- [What you should do] Working from the start of the listing, please write out exactly the lines through the one that holds "商品介紹 | 【綠家居】米斯利", both included, and omit all pictures.

————————

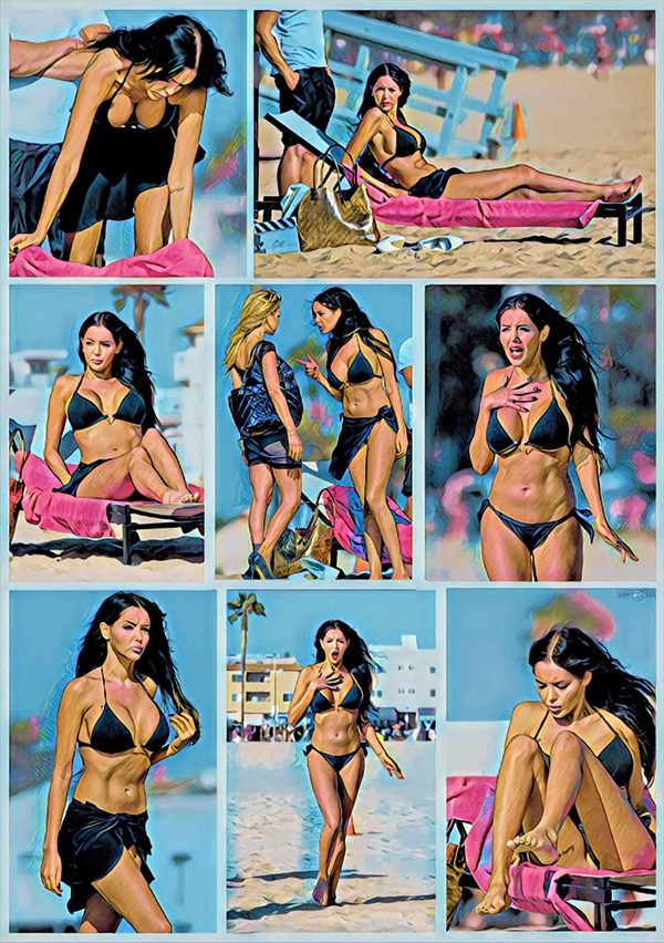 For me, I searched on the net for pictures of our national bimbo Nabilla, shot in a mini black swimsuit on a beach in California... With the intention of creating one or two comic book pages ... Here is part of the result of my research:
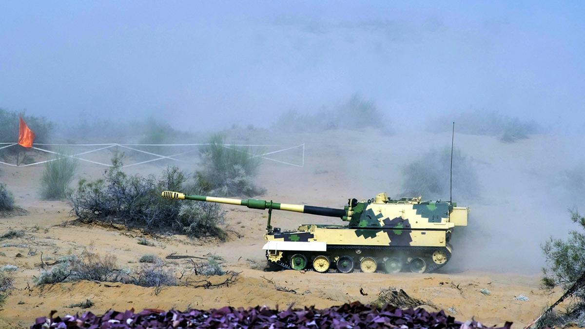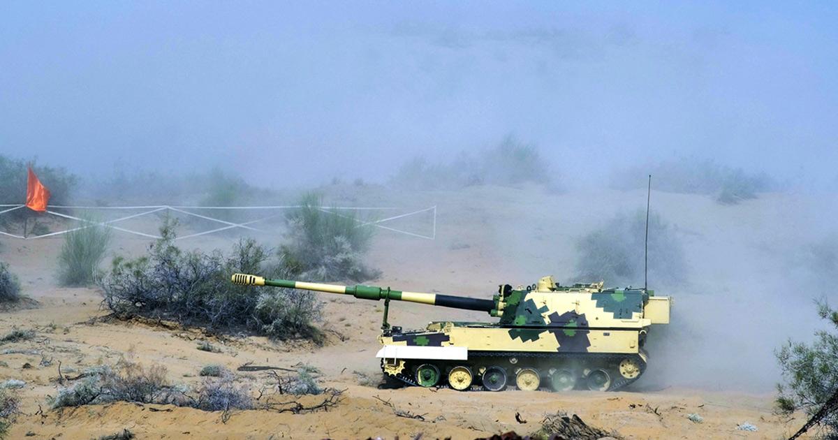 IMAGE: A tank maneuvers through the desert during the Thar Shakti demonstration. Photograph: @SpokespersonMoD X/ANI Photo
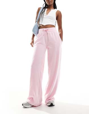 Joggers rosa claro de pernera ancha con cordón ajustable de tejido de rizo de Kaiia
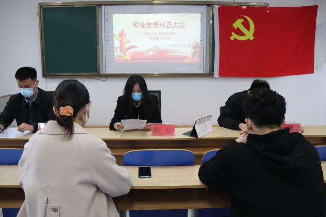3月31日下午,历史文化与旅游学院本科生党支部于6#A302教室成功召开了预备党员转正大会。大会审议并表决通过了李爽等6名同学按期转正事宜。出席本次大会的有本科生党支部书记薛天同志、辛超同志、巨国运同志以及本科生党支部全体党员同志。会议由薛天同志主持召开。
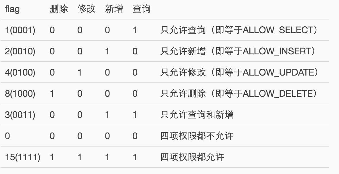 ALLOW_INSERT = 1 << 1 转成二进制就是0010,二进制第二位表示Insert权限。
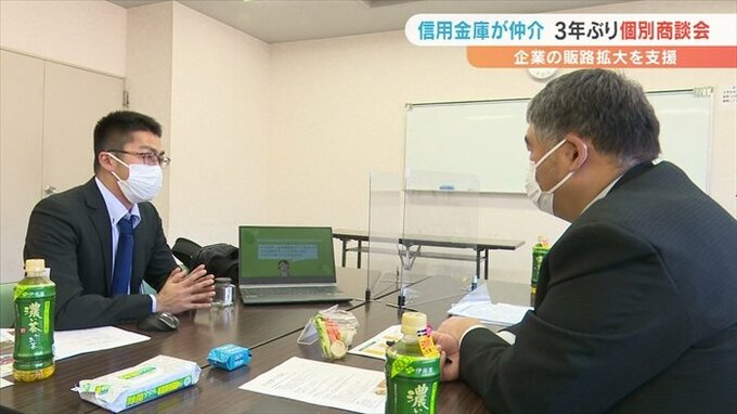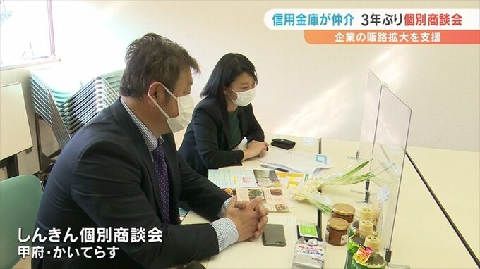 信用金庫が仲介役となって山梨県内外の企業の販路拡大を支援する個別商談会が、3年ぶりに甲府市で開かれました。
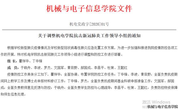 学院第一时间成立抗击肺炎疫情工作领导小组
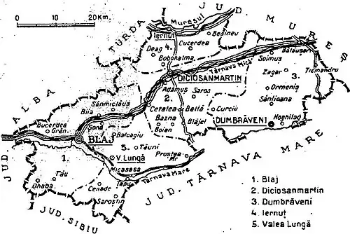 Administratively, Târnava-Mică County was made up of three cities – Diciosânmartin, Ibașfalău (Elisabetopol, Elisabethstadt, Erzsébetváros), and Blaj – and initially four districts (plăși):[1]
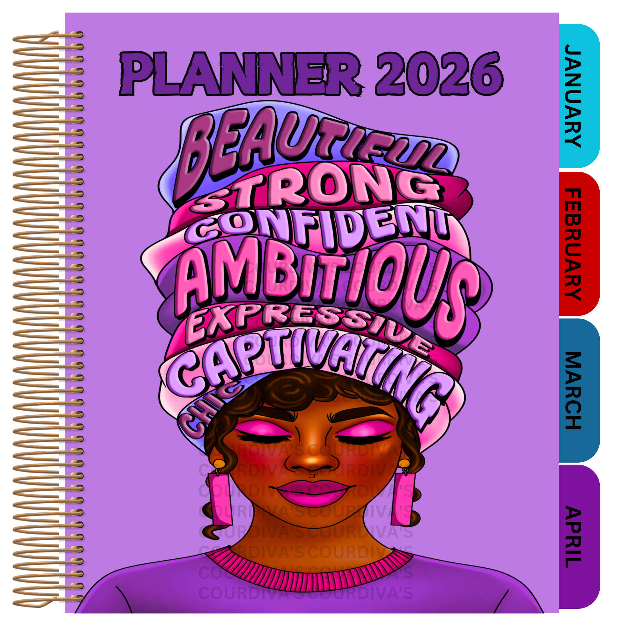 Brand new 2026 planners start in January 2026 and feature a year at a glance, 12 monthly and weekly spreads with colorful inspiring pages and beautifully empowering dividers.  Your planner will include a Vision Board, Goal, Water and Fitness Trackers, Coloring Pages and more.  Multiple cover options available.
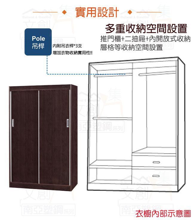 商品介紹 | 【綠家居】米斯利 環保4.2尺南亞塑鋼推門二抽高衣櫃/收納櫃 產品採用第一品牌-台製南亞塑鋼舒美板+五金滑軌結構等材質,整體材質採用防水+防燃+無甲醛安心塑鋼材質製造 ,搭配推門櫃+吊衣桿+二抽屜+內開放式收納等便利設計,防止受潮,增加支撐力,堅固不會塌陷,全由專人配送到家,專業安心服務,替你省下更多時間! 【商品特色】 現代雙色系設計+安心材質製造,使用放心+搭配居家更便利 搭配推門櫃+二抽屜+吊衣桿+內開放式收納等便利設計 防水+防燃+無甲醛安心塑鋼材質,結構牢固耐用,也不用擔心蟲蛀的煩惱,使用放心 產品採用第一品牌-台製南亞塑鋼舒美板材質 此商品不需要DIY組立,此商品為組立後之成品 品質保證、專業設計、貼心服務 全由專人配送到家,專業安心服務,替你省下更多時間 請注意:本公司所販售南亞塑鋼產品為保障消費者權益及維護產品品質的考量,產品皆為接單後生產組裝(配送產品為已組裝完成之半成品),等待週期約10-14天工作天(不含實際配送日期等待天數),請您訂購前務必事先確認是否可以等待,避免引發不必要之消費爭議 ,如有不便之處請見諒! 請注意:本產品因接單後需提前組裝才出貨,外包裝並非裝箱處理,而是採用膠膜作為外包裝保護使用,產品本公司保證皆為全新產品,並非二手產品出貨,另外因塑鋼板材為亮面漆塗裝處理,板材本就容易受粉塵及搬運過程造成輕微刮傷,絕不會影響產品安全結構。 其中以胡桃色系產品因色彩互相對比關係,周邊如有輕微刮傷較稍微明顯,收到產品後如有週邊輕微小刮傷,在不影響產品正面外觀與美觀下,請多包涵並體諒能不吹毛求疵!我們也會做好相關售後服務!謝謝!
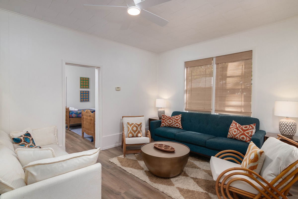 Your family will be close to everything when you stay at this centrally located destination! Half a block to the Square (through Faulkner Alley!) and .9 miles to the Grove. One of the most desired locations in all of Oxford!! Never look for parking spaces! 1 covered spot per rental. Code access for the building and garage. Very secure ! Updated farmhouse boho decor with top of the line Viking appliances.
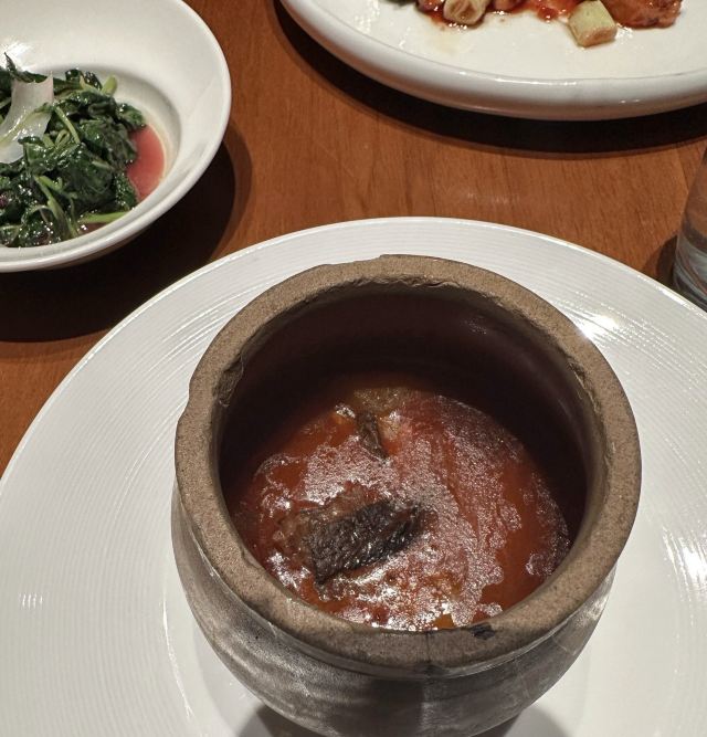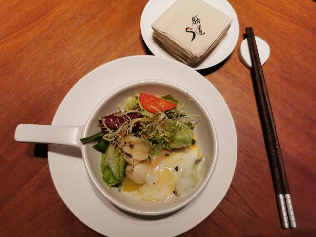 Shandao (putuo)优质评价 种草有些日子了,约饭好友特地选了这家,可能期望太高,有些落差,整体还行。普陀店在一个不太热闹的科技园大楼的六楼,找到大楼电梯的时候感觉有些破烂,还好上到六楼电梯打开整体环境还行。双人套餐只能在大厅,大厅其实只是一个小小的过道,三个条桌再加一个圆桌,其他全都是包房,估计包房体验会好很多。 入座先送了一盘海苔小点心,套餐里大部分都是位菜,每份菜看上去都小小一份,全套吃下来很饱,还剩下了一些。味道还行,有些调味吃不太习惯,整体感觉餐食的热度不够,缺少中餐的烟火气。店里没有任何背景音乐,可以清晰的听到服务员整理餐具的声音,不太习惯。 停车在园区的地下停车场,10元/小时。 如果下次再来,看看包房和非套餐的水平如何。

————————

- [Expected output]
 For me, I searched on the net for pictures of our national bimbo Nabilla, shot in a mini black swimsuit on a beach in California... With the intention of creating one or two comic book pages ... Here is part of the result of my research:
 IMAGE: A tank maneuvers through the desert during the Thar Shakti demonstration. Photograph: @SpokespersonMoD X/ANI Photo
 Joggers rosa claro de pernera ancha con cordón ajustable de tejido de rizo de Kaiia
3月31日下午,历史文化与旅游学院本科生党支部于6#A302教室成功召开了预备党员转正大会。大会审议并表决通过了李爽等6名同学按期转正事宜。出席本次大会的有本科生党支部书记薛天同志、辛超同志、巨国运同志以及本科生党支部全体党员同志。会议由薛天同志主持召开。
 ALLOW_INSERT = 1 << 1 转成二进制就是0010,二进制第二位表示Insert权限。
 信用金庫が仲介役となって山梨県内外の企業の販路拡大を支援する個別商談会が、3年ぶりに甲府市で開かれました。
 学院第一时间成立抗击肺炎疫情工作领导小组
 Administratively, Târnava-Mică County was made up of three cities – Diciosânmartin, Ibașfalău (Elisabetopol, Elisabethstadt, Erzsébetváros), and Blaj – and initially four districts (plăși):[1]
 Brand new 2026 planners start in January 2026 and feature a year at a glance, 12 monthly and weekly spreads with colorful inspiring pages and beautifully empowering dividers.  Your planner will include a Vision Board, Goal, Water and Fitness Trackers, Coloring Pages and more.  Multiple cover options available.
 商品介紹 | 【綠家居】米斯利 環保4.2尺南亞塑鋼推門二抽高衣櫃/收納櫃 產品採用第一品牌-台製南亞塑鋼舒美板+五金滑軌結構等材質,整體材質採用防水+防燃+無甲醛安心塑鋼材質製造 ,搭配推門櫃+吊衣桿+二抽屜+內開放式收納等便利設計,防止受潮,增加支撐力,堅固不會塌陷,全由專人配送到家,專業安心服務,替你省下更多時間! 【商品特色】 現代雙色系設計+安心材質製造,使用放心+搭配居家更便利 搭配推門櫃+二抽屜+吊衣桿+內開放式收納等便利設計 防水+防燃+無甲醛安心塑鋼材質,結構牢固耐用,也不用擔心蟲蛀的煩惱,使用放心 產品採用第一品牌-台製南亞塑鋼舒美板材質 此商品不需要DIY組立,此商品為組立後之成品 品質保證、專業設計、貼心服務 全由專人配送到家,專業安心服務,替你省下更多時間 請注意:本公司所販售南亞塑鋼產品為保障消費者權益及維護產品品質的考量,產品皆為接單後生產組裝(配送產品為已組裝完成之半成品),等待週期約10-14天工作天(不含實際配送日期等待天數),請您訂購前務必事先確認是否可以等待,避免引發不必要之消費爭議 ,如有不便之處請見諒! 請注意:本產品因接單後需提前組裝才出貨,外包裝並非裝箱處理,而是採用膠膜作為外包裝保護使用,產品本公司保證皆為全新產品,並非二手產品出貨,另外因塑鋼板材為亮面漆塗裝處理,板材本就容易受粉塵及搬運過程造成輕微刮傷,絕不會影響產品安全結構。 其中以胡桃色系產品因色彩互相對比關係,周邊如有輕微刮傷較稍微明顯,收到產品後如有週邊輕微小刮傷,在不影響產品正面外觀與美觀下,請多包涵並體諒能不吹毛求疵!我們也會做好相關售後服務!謝謝!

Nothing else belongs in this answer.